Provided information:
>>>

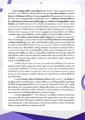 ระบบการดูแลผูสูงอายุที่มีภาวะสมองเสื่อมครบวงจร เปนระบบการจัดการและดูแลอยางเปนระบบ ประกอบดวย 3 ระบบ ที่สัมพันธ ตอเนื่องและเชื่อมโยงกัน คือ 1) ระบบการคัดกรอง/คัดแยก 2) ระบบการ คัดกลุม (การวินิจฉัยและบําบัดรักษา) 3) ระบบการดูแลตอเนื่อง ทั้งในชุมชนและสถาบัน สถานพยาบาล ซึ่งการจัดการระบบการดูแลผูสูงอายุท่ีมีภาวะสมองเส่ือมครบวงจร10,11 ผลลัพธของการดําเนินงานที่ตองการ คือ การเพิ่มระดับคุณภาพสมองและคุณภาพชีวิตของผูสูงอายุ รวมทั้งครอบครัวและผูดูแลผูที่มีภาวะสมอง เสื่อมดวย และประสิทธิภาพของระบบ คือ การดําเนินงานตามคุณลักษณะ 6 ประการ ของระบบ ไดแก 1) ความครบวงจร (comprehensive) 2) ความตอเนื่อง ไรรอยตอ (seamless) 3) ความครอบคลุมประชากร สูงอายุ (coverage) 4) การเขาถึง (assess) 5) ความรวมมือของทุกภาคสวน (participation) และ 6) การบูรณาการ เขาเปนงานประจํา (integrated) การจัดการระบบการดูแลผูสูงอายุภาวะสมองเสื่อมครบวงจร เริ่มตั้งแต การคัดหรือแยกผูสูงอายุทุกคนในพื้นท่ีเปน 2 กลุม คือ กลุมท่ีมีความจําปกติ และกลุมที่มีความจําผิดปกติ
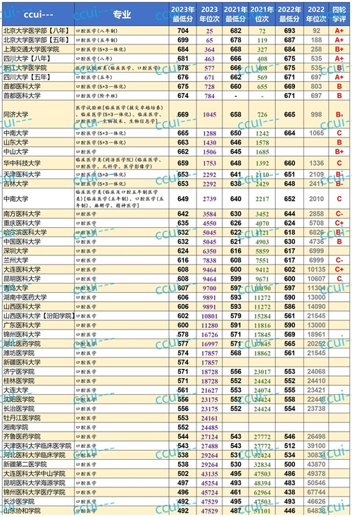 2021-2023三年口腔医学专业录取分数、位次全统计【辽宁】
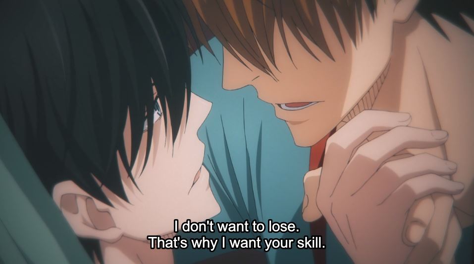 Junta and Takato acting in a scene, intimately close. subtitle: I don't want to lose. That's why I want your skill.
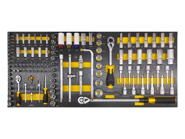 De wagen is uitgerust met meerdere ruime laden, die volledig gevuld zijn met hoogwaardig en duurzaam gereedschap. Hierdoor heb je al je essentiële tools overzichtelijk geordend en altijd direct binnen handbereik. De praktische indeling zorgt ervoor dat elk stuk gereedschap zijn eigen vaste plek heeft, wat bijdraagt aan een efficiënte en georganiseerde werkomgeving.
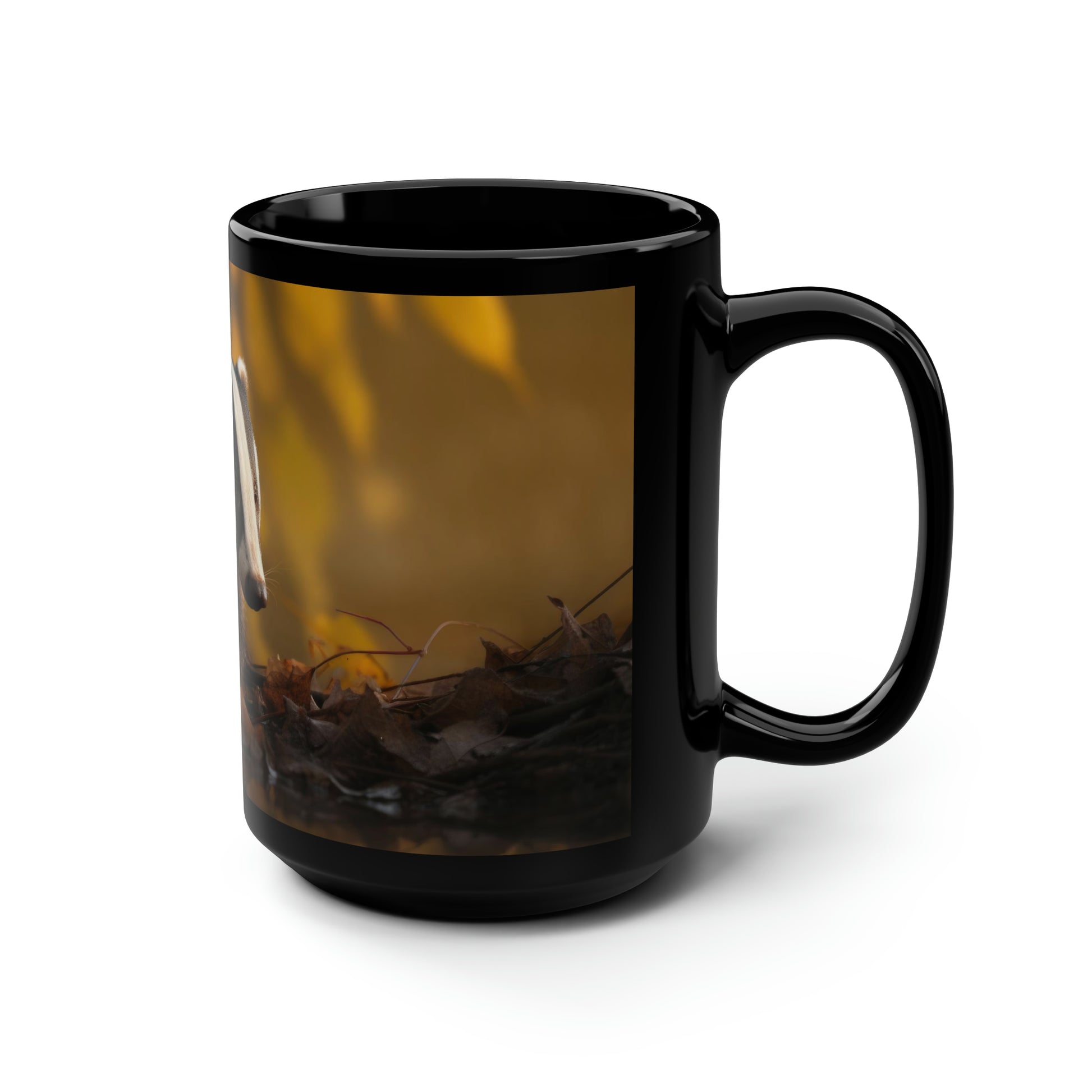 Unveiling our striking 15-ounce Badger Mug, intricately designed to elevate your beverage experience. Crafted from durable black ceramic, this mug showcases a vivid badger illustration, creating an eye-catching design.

<<<
>>>

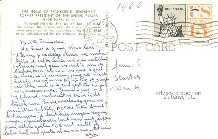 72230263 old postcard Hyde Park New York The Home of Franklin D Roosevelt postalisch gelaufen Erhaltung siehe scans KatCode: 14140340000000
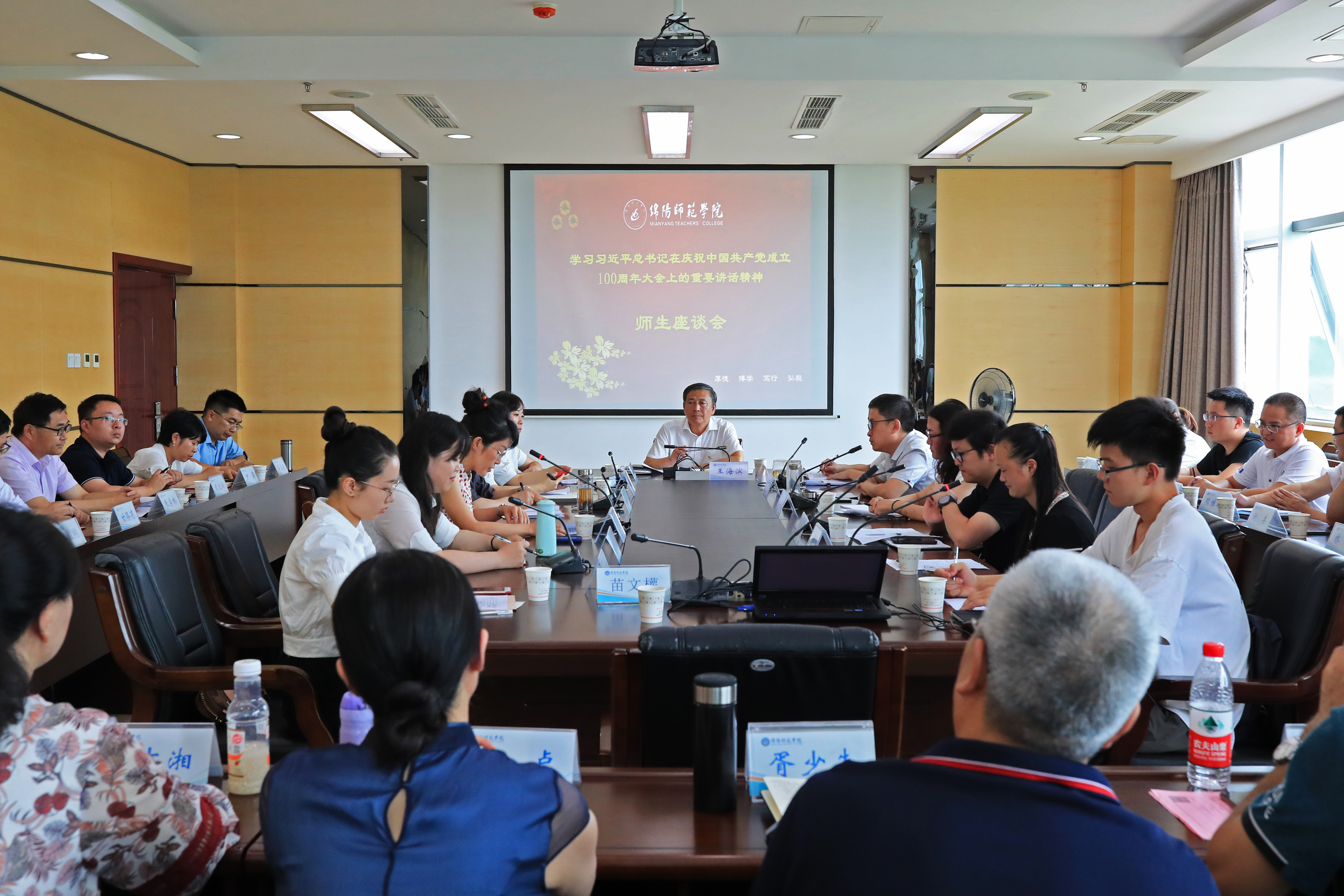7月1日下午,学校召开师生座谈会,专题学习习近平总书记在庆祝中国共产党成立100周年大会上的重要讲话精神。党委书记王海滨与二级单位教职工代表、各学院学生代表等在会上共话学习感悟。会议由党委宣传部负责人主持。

<<<

Problem requirements: In the records above, find the line containing "คือ กลุมท่ีมีความจําปกติ และกลุมที่มีความจําผิดปกติ" and the line containing "Unveiling our striking", then give both of them again word for word along with every line between. Omit any pictures.

Task response:
 ระบบการดูแลผูสูงอายุที่มีภาวะสมองเสื่อมครบวงจร เปนระบบการจัดการและดูแลอยางเปนระบบ ประกอบดวย 3 ระบบ ที่สัมพันธ ตอเนื่องและเชื่อมโยงกัน คือ 1) ระบบการคัดกรอง/คัดแยก 2) ระบบการ คัดกลุม (การวินิจฉัยและบําบัดรักษา) 3) ระบบการดูแลตอเนื่อง ทั้งในชุมชนและสถาบัน สถานพยาบาล ซึ่งการจัดการระบบการดูแลผูสูงอายุท่ีมีภาวะสมองเส่ือมครบวงจร10,11 ผลลัพธของการดําเนินงานที่ตองการ คือ การเพิ่มระดับคุณภาพสมองและคุณภาพชีวิตของผูสูงอายุ รวมทั้งครอบครัวและผูดูแลผูที่มีภาวะสมอง เสื่อมดวย และประสิทธิภาพของระบบ คือ การดําเนินงานตามคุณลักษณะ 6 ประการ ของระบบ ไดแก 1) ความครบวงจร (comprehensive) 2) ความตอเนื่อง ไรรอยตอ (seamless) 3) ความครอบคลุมประชากร สูงอายุ (coverage) 4) การเขาถึง (assess) 5) ความรวมมือของทุกภาคสวน (participation) และ 6) การบูรณาการ เขาเปนงานประจํา (integrated) การจัดการระบบการดูแลผูสูงอายุภาวะสมองเสื่อมครบวงจร เริ่มตั้งแต การคัดหรือแยกผูสูงอายุทุกคนในพื้นท่ีเปน 2 กลุม คือ กลุมท่ีมีความจําปกติ และกลุมที่มีความจําผิดปกติ
 2021-2023三年口腔医学专业录取分数、位次全统计【辽宁】
 Junta and Takato acting in a scene, intimately close. subtitle: I don't want to lose. That's why I want your skill.
 De wagen is uitgerust met meerdere ruime laden, die volledig gevuld zijn met hoogwaardig en duurzaam gereedschap. Hierdoor heb je al je essentiële tools overzichtelijk geordend en altijd direct binnen handbereik. De praktische indeling zorgt ervoor dat elk stuk gereedschap zijn eigen vaste plek heeft, wat bijdraagt aan een efficiënte en georganiseerde werkomgeving.
 Unveiling our striking 15-ounce Badger Mug, intricately designed to elevate your beverage experience. Crafted from durable black ceramic, this mug showcases a vivid badger illustration, creating an eye-catching design.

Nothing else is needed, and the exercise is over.